Search
Question: limma: how to use pairing and adjust for covariates
1
gravatar for gregory.l.stone
7 months ago by
gregory.l.stone10 wrote:

I am interested in looking at the differences in the effect of a condition on each sex. The contrast I am interested in is (Female.post - Female.pre) - (Male.post - Male.pre). I am uncertain as to how best incorporate pairing into my study and adjust for covariates.

One way I have tried to incorporate pairing is to randomize the patient effect by using duplicateCorrelation(). My design is therefore:

f = paste(dge$samples$sex, dge$samples$condition, sep = ".")
f = factor(f, levels = c("Male.pre", "Male.post", "Female.pre", "Female.post"))

d = model.matrix(~ 0 + f + age + dm + axc, colData)

cont = makeContrasts(M.PvP="fMale.post-fMale.pre", F.PvP="fFemale.post-fFemale.pre", sexDiff="(fFemale.post-fFemale.pre) - (fMale.post-fMale.pre)", levels = d)

where colData is my list of covariates, dge&samples is the colData object in my dge object containing all sample an count info, M.PvP is the effect of condition on males, F.PvP is the effect of condition of females, and sexDiff is the contrast of interest (the difference in the effect of condition on each sex). I get around 274 genes for the contrast of interest.
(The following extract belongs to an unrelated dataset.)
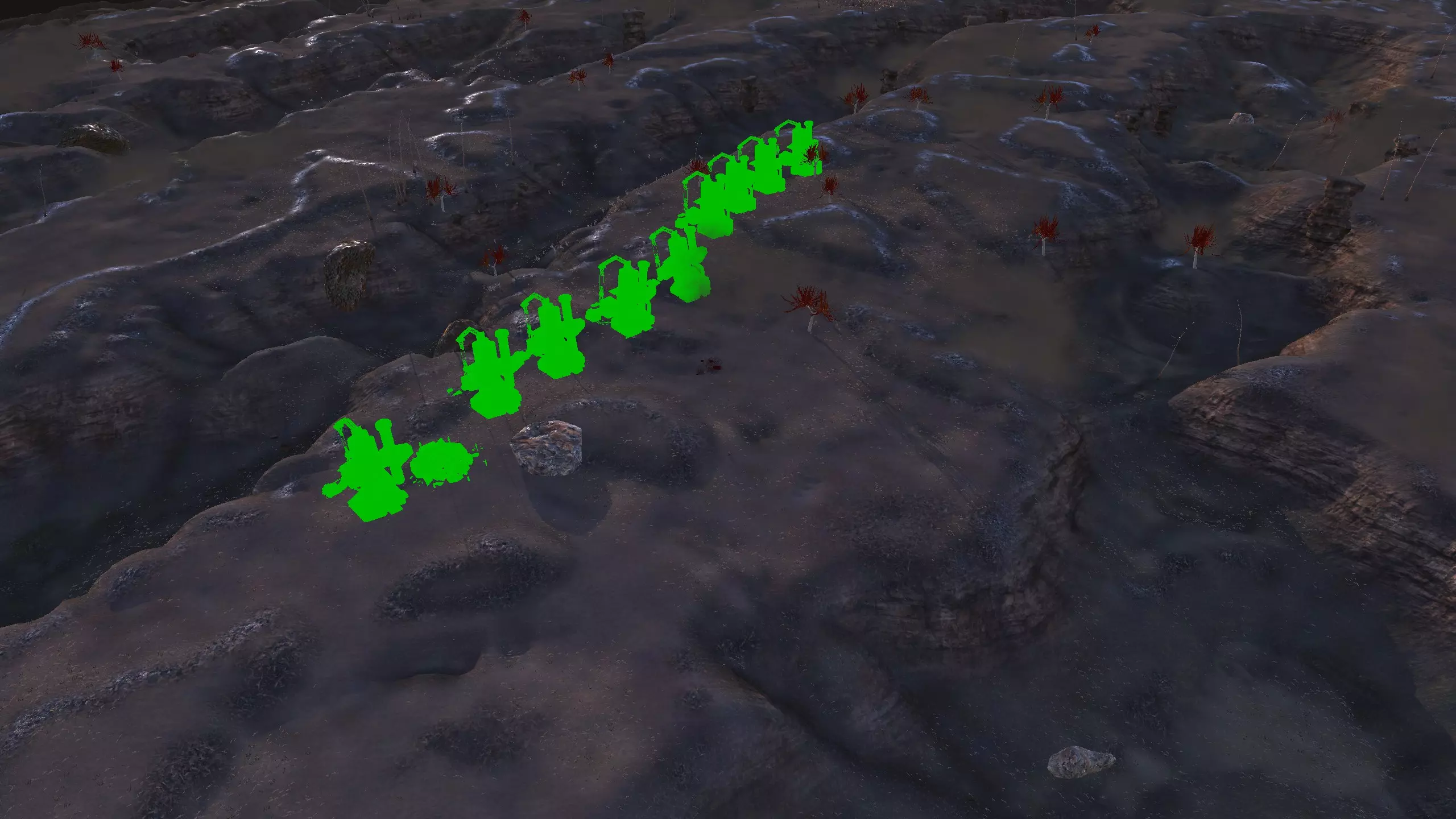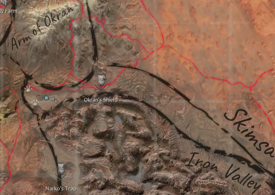 描述:这个地点非常适合作为你在阿拉克的基地,同时还能与Watcher's Rim保持一定联系。不过严格来说,这里大部分区域都属于阿拉克,所以我将其归类到阿拉克地区。总之,这里是我找到的最平坦的地形之一,足够你建造一个小型基地。但遗憾的是,这里资源匮乏且没有水源。你可能不需要深层钻井机,但肯定需要湿度农场和水培设施。 资源:约90%铁矿,约90%铜矿,40-50%石料,0%水源,0%肥力 危险:皮肤蜘蛛 Okran之臂 1)

However, I am concerned that using duplicateCorrelation() in addition to adjusting for covariates in the design matrix is over-adjusting and assumes a linear relationship between my outcome and my covariates.

So another strategy I have tried is to block for the pairing effect in the design matrix as such:

design <- model.matrix(~ patient + sex:condition, colData)
design <- design[,!grepl("pre", colnames(design))]
colnames(design) <- sub(":", "_", colnames(design))
con <- makeContrasts(sexDiff = "sexFemale_conditionpost - sexMale_conditionpost", levels=design)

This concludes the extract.